Chore schedule for my day 'off'

Today I had the day off. By off I mean I didn't have to go to the place that gives me a paycheck. So on my day off I would like to relax but unfortunately, I'm a chicken farmer and farmer's never truly get a day 'off'. We have chores every day of the week. There's always some animal that needs fed or cleaned up after. Thankfully my daily chicken chores are pretty easy. 

It takes about 1/2 hour every morning to feed/water the chickens, switch out dirty bowls and let everyone out. In the evening it takes about another 1/2 hour to feed/water & count every bird then lock them all up for the night. Usually youngest son does afternoon feeding so I get to sit that one out. When I find some time during the week I scrape poop boards and fill feed bins. I clean out brooders at least twice a week. It only takes a few minutes here and there. Nobody really wants to come home from work and start cleaning coops, so the big cleaning comes on the weekend.

chicken coop

Chicken farm chores

This is what I did on my day off:
Morning chores: 1/2 hour (feed, water & open doors)
Met with customers, gave farm tour: 1 hour
Moved chicks out of Silkie coop to grow-out pen, fixed led light in silkie coop: 1/2 hour
Cleaned Guinea coop (20X12 building): 1 hour
Chased Guineas back into coop: 15 minutes 
Washed food and water bowls that have accumulated all week: 1/2 hour
Cleaned out the brooders in the garage: 15 minutes
Evening chores: 1/2 hour (fill waters, lock up & count them all)

I can end up meeting with customers any day of the week actually. Some like to take some time and ask lots of questions about the birds, others like to pick their chicks and go. Some want a tour, some don't. It could go either way.
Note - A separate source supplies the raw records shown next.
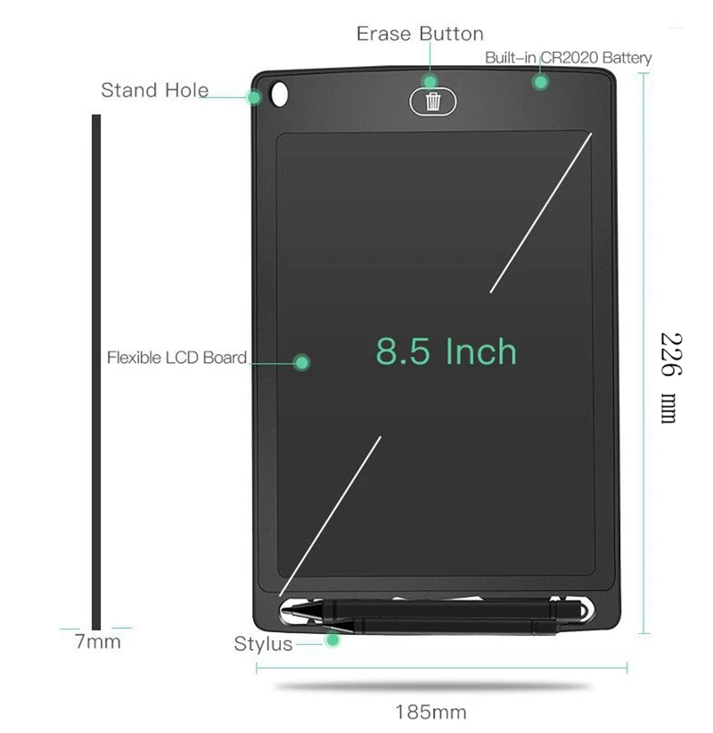Мягкий цвет, без вреда для глаз, без излучения. Подходит для письма и рисования. Чувствительный к давлению, легко использовать и играть. Четкий экран с одной кнопкой. Ультра тонкий и легкий дизайн, удобно носить с собой. CR2020 сотового аккумулятора. Нет Кнопка блокировки экрана
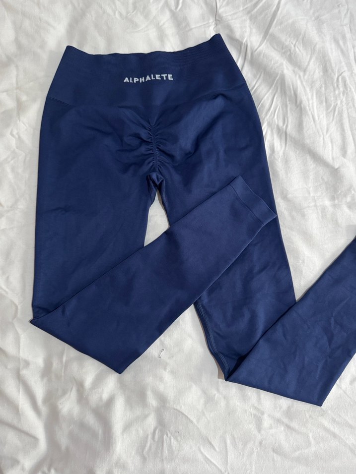 Alphalete markalı, lacivert renkli, elastik kumaştan yapılmış sıkı kesim spor tayt. Arkada büzgü detayı bulunur, spor ve günlük kullanım için uygundur. ️♀️
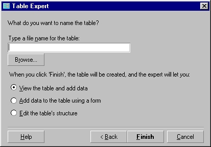Tabulka se vytvoří podle našich zadání, ale Paradox umožňuje ve spodní části posledního dialogového okna experta určit, jak se má po vytvoření tabulky pokračovat.
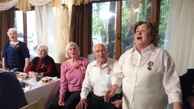 Среди награждённых в этот день были не только персонально активисты, но и коллектив хора ветеранов города Ставрополя. В.И. Гончаров вручил его руководителю Почётную грамоту от центрального руководства ООО «Дети войны» за подписью Н.В. Арефьева. После окончания церемонии награждения именно солистки хора выступили инициаторами исполнения песен Великой Отечественной войны всеми без исключения участниками мероприятия.
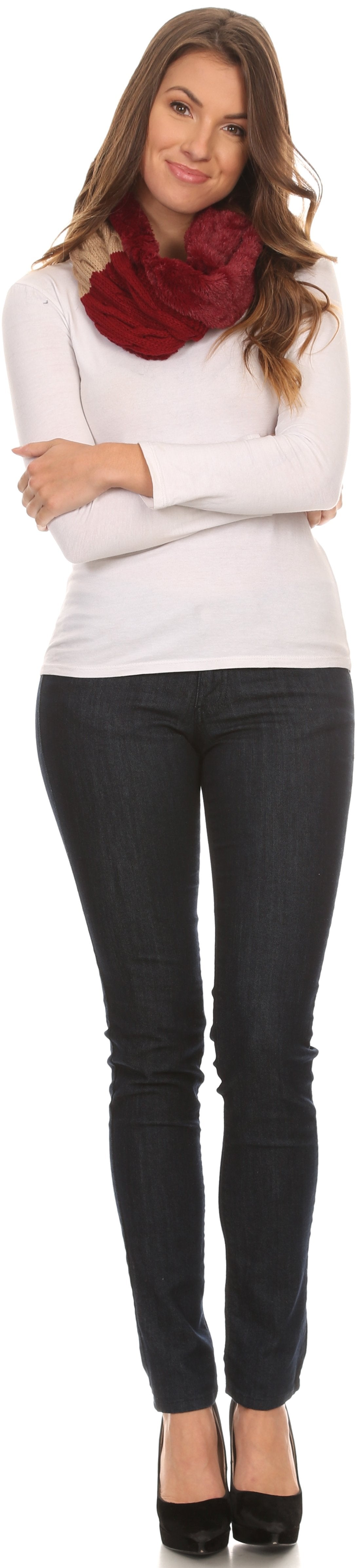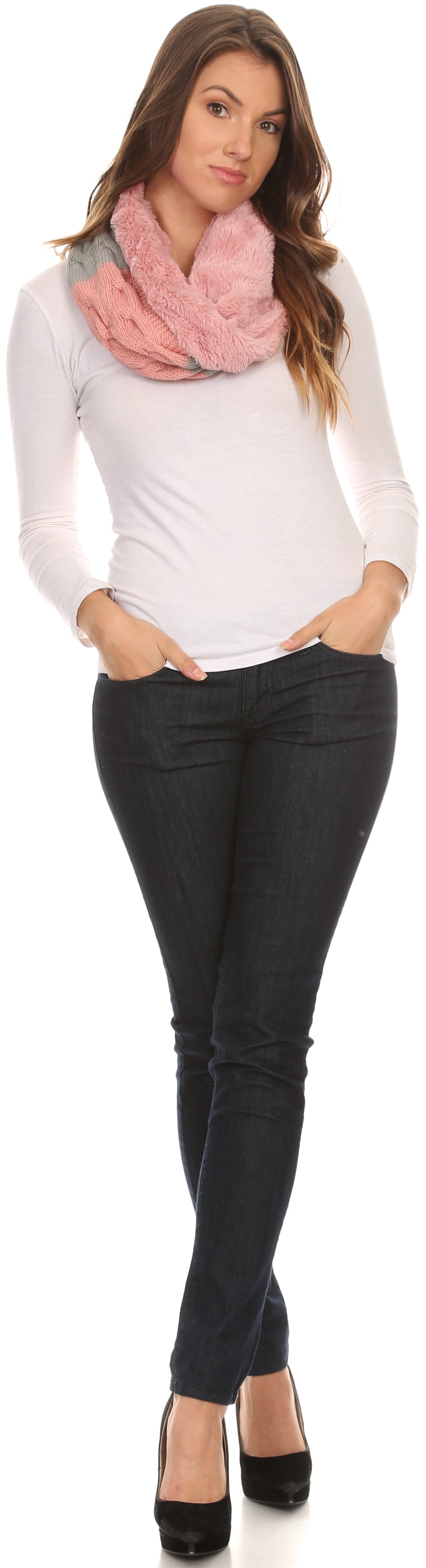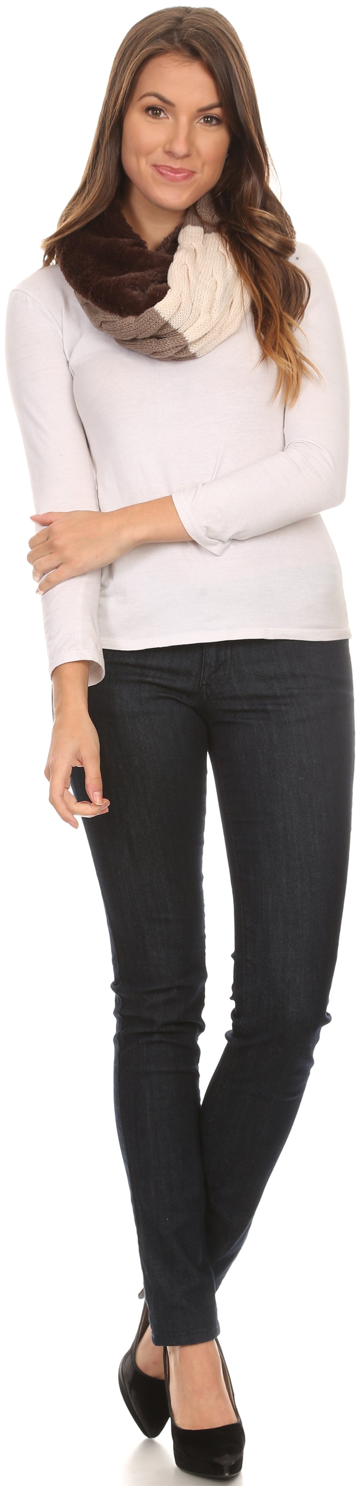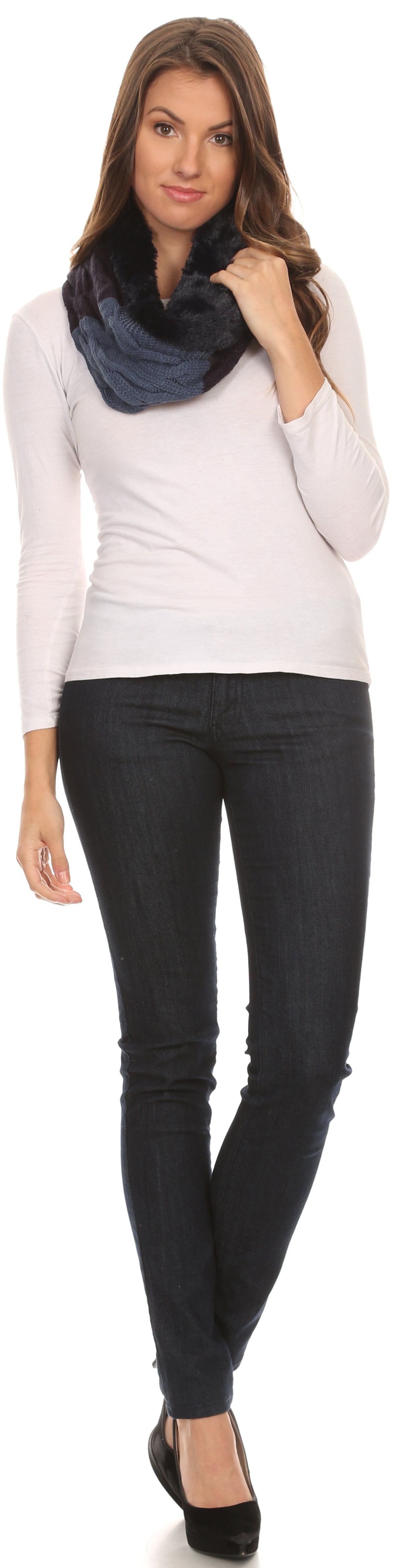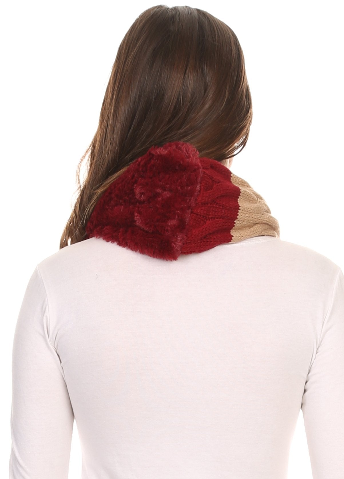 • This infinity scarf features a double sided design. One side is made of a faux fur material, and the other side is a multi colored color blocked pattern on ribbed cable knit. One side of the scarf is sewn wrapped around so that one side will always show both sides of the scarf for an added layer of texture and dimension. Fabric is super soft, comfortable, durable, and high quality.

I schedule appointments around my work hours, but sometimes people just show up. 

Coops get cleaned more often in rainy weather of course, or when they have lots of chicks in the summer. Every weekend I clean a different coop, some more frequently then others:

  • The Silkie house needs cleaned far more often then any other coop.
  • The D'uccle coop can practically get forgotten...it never seems to get dirty. 
  • The Guinea house takes the longest of all the coops. It is the biggest and also has the most birds.
  • The grow out pen can be done in 10 minutes. No lie.  
  • The Wild West coop needs the most poop scraping during the week. The big cleaning only takes about as long as the Silkie coop, but needs done half as often.
I sorta got a routine, but it gets interrupted by spilled waterers and doors that were open when it rained. It's ok, I'm flexible like that. The funny thing is, until I started thinking about it today (prompted by someone at work yesterday asking what I'm doing on my 'day off') I never really considered how much I do. 

It didn't start like this. No one starts like this. We all started with 1 coop, right? There was supposed to be a few chickens, then suddenly it got full and another coop was needed. 4 years later I don't get a day off. *sigh*...but I do get faces like this looking up at me begging to be picked up for treats...so it all balances out!